▸ **Problem to solve**
Exactly reproduce the lines of the listing below from the one containing "Przewód koncentryczny 75" through the one containing "L’esempio è stato". Skip the images.

▸ **Data provided**
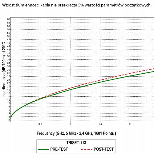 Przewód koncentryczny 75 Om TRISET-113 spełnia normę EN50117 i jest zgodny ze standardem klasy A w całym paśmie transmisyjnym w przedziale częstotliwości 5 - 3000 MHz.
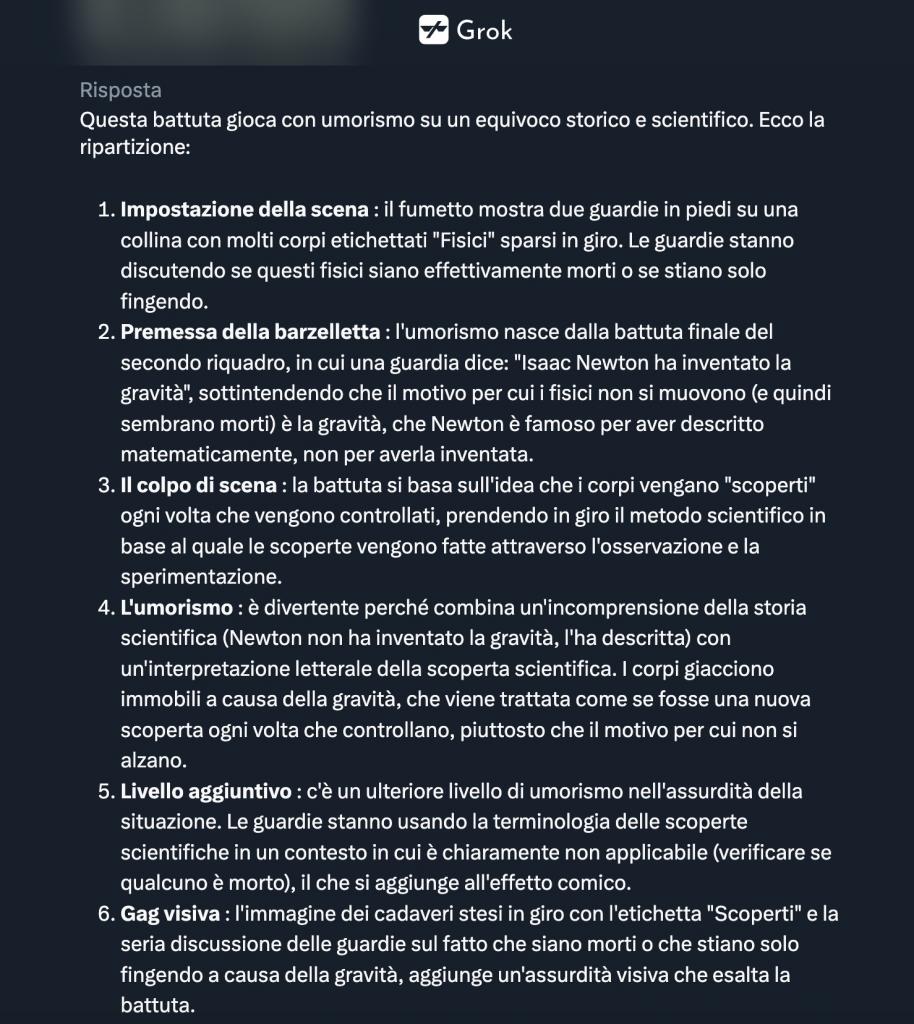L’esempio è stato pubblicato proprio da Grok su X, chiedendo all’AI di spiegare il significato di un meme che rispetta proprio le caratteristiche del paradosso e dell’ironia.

--

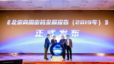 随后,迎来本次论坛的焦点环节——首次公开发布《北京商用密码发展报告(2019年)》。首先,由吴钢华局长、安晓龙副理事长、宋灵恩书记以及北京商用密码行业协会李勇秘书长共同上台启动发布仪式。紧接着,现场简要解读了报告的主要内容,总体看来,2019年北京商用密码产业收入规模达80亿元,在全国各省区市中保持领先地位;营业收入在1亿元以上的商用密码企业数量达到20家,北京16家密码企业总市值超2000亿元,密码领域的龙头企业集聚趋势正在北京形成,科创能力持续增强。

▸ **Written answer**
 Przewód koncentryczny 75 Om TRISET-113 spełnia normę EN50117 i jest zgodny ze standardem klasy A w całym paśmie transmisyjnym w przedziale częstotliwości 5 - 3000 MHz.
L’esempio è stato pubblicato proprio da Grok su X, chiedendo all’AI di spiegare il significato di un meme che rispetta proprio le caratteristiche del paradosso e dell’ironia.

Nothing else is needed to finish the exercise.